True, cost isn’t the only factor to consider in choosing a college. However, it’s an important one because of the longer-term impact it could have on life after graduation. Is your student willing to take on extra debt to go to the pricier college across the country — or does going to a school that’s closer to home with a better financial aid package make sense?
Here are three financial questions to ask before deciding on a college so your family can be confident about the choice you’re making.
- WILL GOING TO AN EXPENSIVE SCHOOL REALLY MEAN A HIGHER SALARY?
For many students and parents, going to a prestigious school is important — but usually that fancy name comes with a fancy price tag. Will paying for the pedigree really translate to a higher salary?
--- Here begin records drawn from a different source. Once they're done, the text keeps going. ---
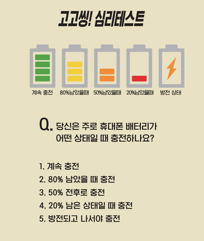 [심리테스트]당신은 주로 휴대폰 배터리가 어떤 상태일 때 충전하나요?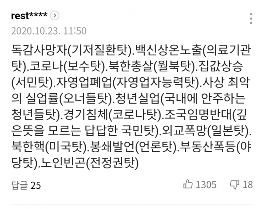 코로나 => 보수우파 탓, 독감백신 사망자 => 기저질환 탓, 백신 상온 노출 => 의료기관 탓, 연평도 공무원 피살 => 월북 탓, 집값 상승 => 주부 젊은층 탓, 자영업자 폐업 => 자영업자 능력 탓, 사상 최악의 실업률 => 기업인 탓, 청년실업률 => 국내만 선호하는 청년들 탓, 경기침체 => 코로나 탓, 조국 임명 반대 => 문재인 속마음 모르는 국민 탓, 외교 왕따 => 일본 탓, 북한 핵 => 미국 탓, 봉쇄 발언 => 언론 탓, 부동산과 전셋값 폭등 => 야당 탓, 노인 빈곤 => 전 정권 탓,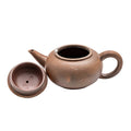 Traditional Yixing teapot made from brown zisha clay with smooth surface and rounded profile. Practical, honest design for everyday gongfu practice.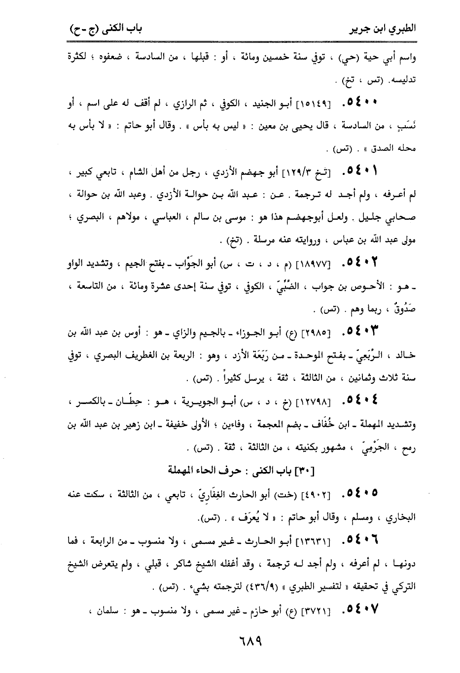 5406. [13631] أبو الحارث - غير مسمى، ولا منسوب - من الرابعة، فما دونها، لم أعرفه، ولم أجد له ترجمة، وقد أغفله الشيخ شاكر قبلي، ولم يتعرض الشيخ التركي في تحقيقه ((لتفسير الطبري)) (9/ 436) لترجمته بسيء. (تس).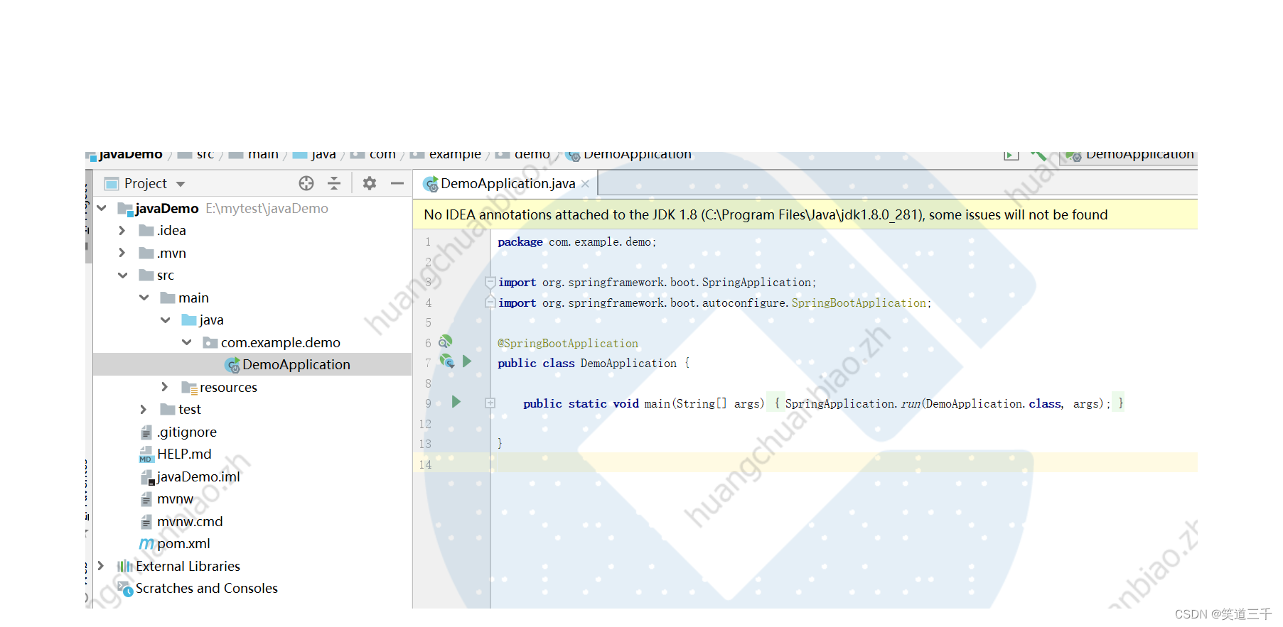 6. 返回 IDEA 工作区,可以看到 Spring Boot 项目 demo已经创建完成。该项目不但具有完整的目录结构,还有完整的 Maven 配置,并默认生成了一个名为 demoApplication 的主启动程序。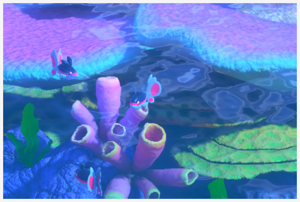 Mientras se come una Blanzana Alegres en la orilla del mar del Nivel Investigador 2 Junto a Corsola mirándose entre sí Saludando junto a Pyukumuku tras usar el Radar |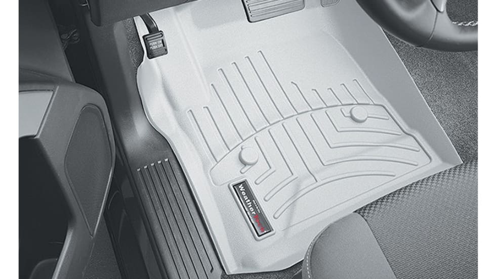The custom-fit liner helps protect the interior carpet up the front and back sides of a vehicle's foot well.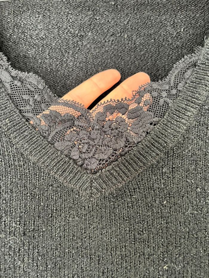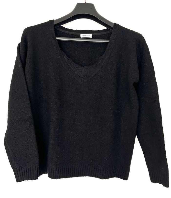 Pull de couleur noir, col en V avec dentelle. En bon état, à été porté donc présence de petites bouloches. Taille M, marque Cache Cache. Envoi rapide et soigné, réduction automatique dès 2 articles sélectionnés. Mon dressing ici: #femmeugolola #femme #cachecache #pullcachecache #pullnoirfemme #pullfemme #pullfemme38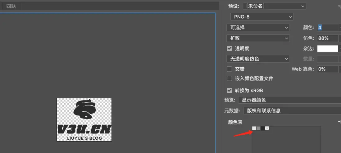 注意圖像顏色位數最好越小越好,這樣轉化後的圖像不會過大,同時背景最好是透明的,因為透明元素不會被XML文件進行標記,達到節約空間的目的,這裏我們以PNG仿色4位的位圖為例子。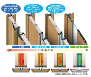 特に「D50 高断熱ドア」は、アルミと樹脂を組み合わせた構造にトリプルガラスを採用しており、玄関でもしっかり暖かさを守る、トップクラスの断熱性能を持っています。 -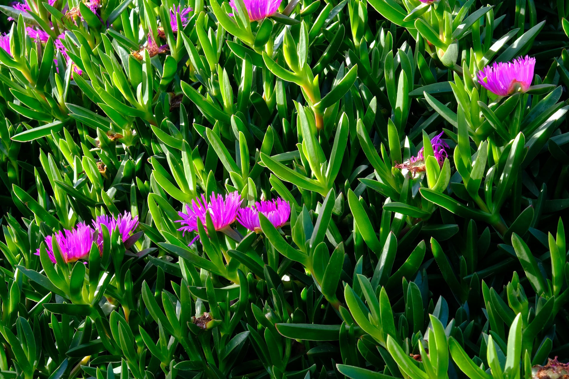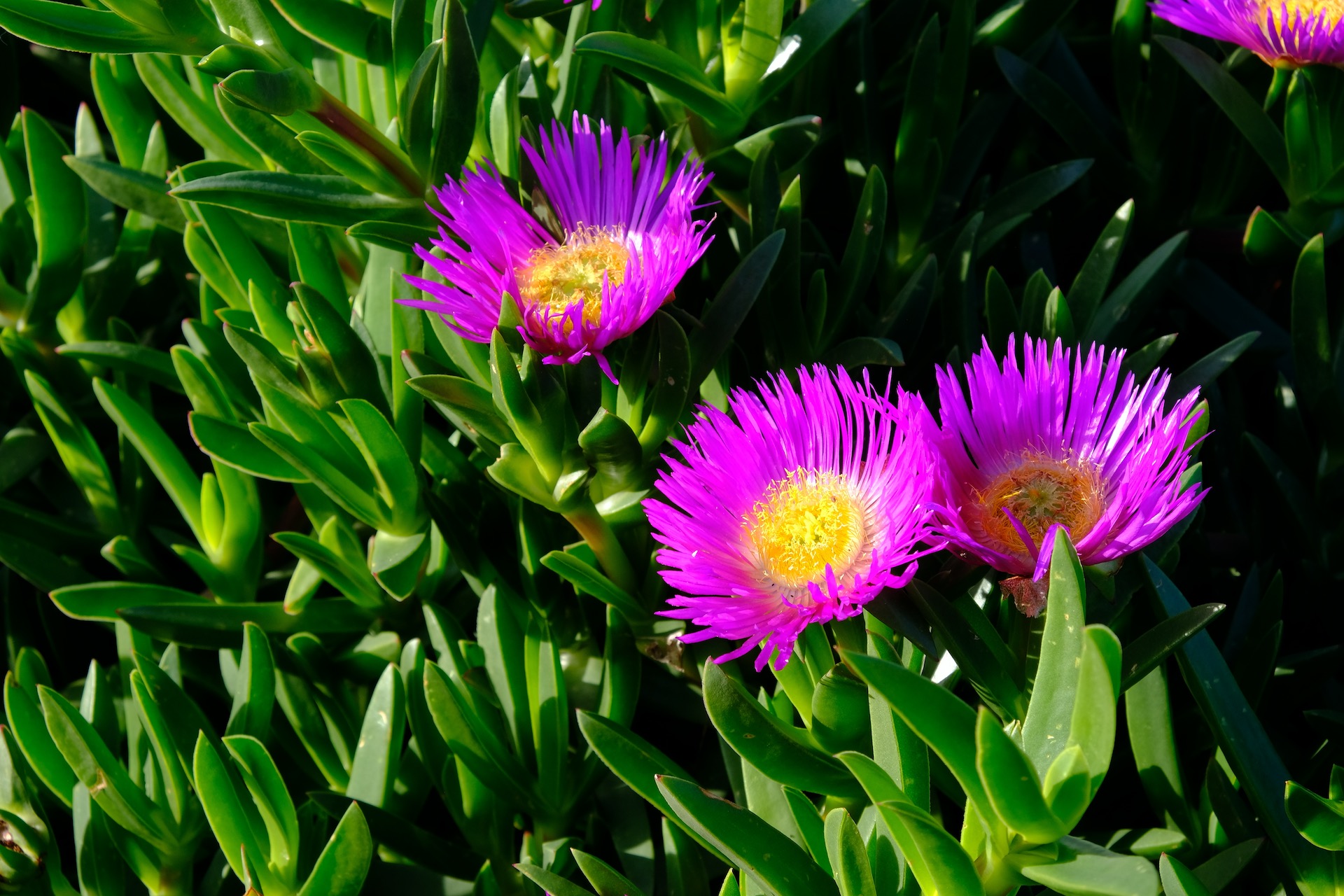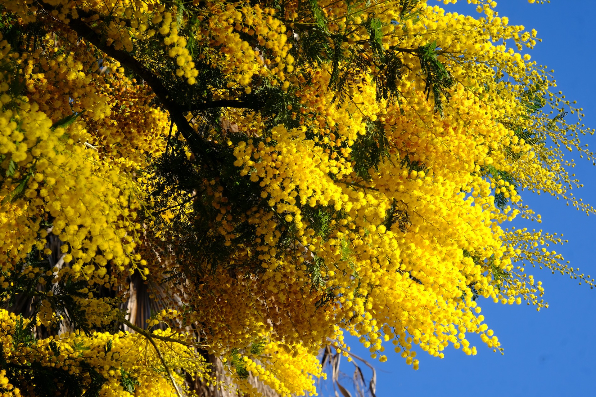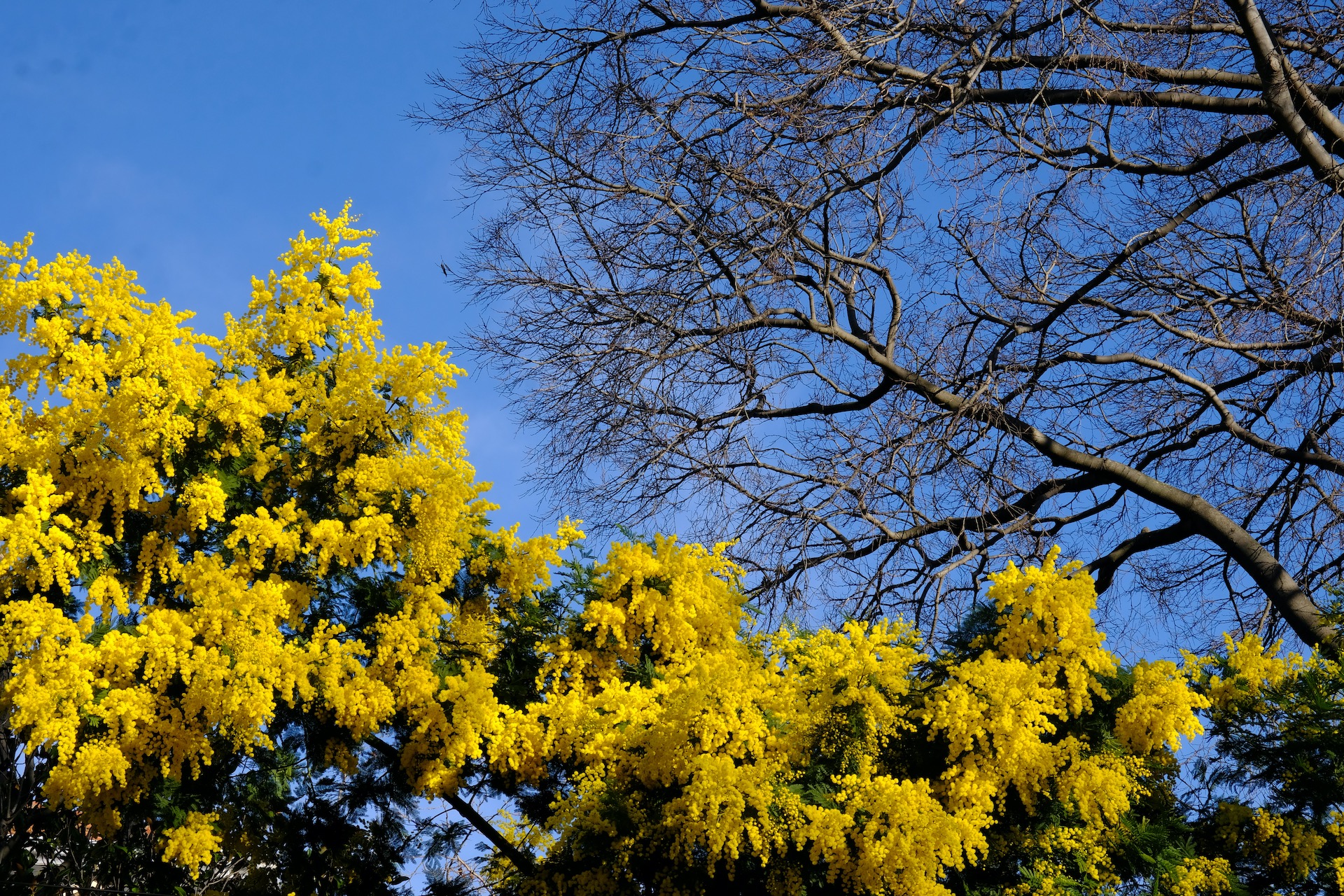 Adding contrast to the winter scenery is the explosion of yellow blossoms of the Mimosa bush as well as the pink and golden heart flowers of the Carpobrotus or ice plant. No, not that other Ice.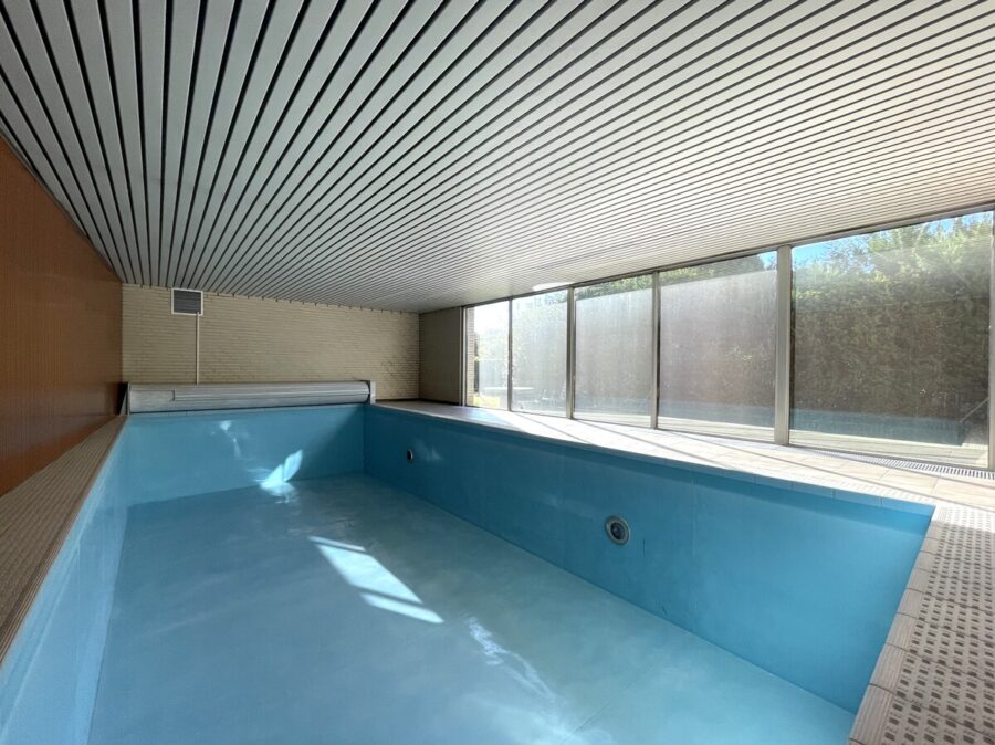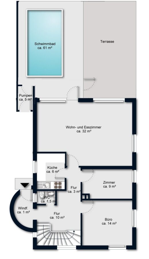 Die Küche verfügt über eine praktische Durchreiche und könnte bei Bedarf zum Essbereich hin geöffnet werden. Das angrenzende Wohn- und Esszimmer bietet direkten Zugang zum Poolbereich. Von dort gelangen Sie auf die Terrasse und in den nicht einsehbaren Garten.

The answer isn’t straightforward. Teachers, for example, make about the same salary no matter where their degree came from. However, people who work on Wall Street may be more likely to leverage an Ivy League degree (and the college’s alumni network) to land a better job and starting salary.
Some studies argue that the payoff from public universities is greater than private or Ivy League schools, while others argue that undergrad prestige matters. That’s why it’s important to do your research. Salary site PayScale does an annual college salary report, and the Department of Education’s College Scorecard site includes the median salary 10 years after graduation of students who received financial aid.
- HOW MUCH WILL STUDENT LOANS COST AFTER GRADUATION?
Student loans will be a reality for many college students. And that’s ok — they’re getting a valuable education that will help increase their earnings over a lifetime. But it’s still important to crunch some numbers going in so that your student knows what he or she will be dealing with once that degree is in hand.
Use a calculator like this one to estimate a loan’s monthly payment after graduation by plugging in an estimated loan balance and interest rate. For example, a $50,000 loan at 6 percent interest over a 10-year term will cost $555.10 per month after graduation.
The College Board also has a student loan comparison calculator that lets you compare the costs of both private and public loans that you may be thinking of taking out.
How do the numbers add up? Does the total amount borrowed and do the monthly payments seem manageable, or will they feel like a burden? If your student will be pinching pennies — or relying on you for support — to make the loan payments, then that pricier school may not be worth the cost.
- WHAT WILL YOUR LIVING COSTS ADD UP TO?
Tuition, books, and room and board are the predictable costs you can add up. What’s not as easy to predict: late night pizza runs, participating in campus life and how much plane tickets home will run.
Although financial aid packages will help account for some of these living costs, your child’s circumstances could mean their number is higher. For instance, if your child’s college of choice is across the country, travel may eat up more of their budget than they realize. If they go to school in a big city versus a small town, their day-to-day costs will be higher.
How will your student help cover these? With a campus job? Summer savings? It’s important to figure out what type of budget your student can realistically adhere to depending on what their sources of income will be.
HELPING YOUR CHILD MAKE THE RIGHT CHOICE
If you and your student are concerned about the financial impact of the schools you’re interested in, then a compromise may be in order. That might include choosing a school that’s closer to home or going to a local community college first before transferring to the bigger university to finish their degree. Or, if your student really has their heart set on someplace specific, then it’s important to talk through early what all your child’s income and financial aid options are along with a budget to keep their costs manageable.
Ultimately, finding the right college is about more than just money. But knowing you’re asking the right financial questions first can help you and your child feel more confident that you’re setting them up for future success.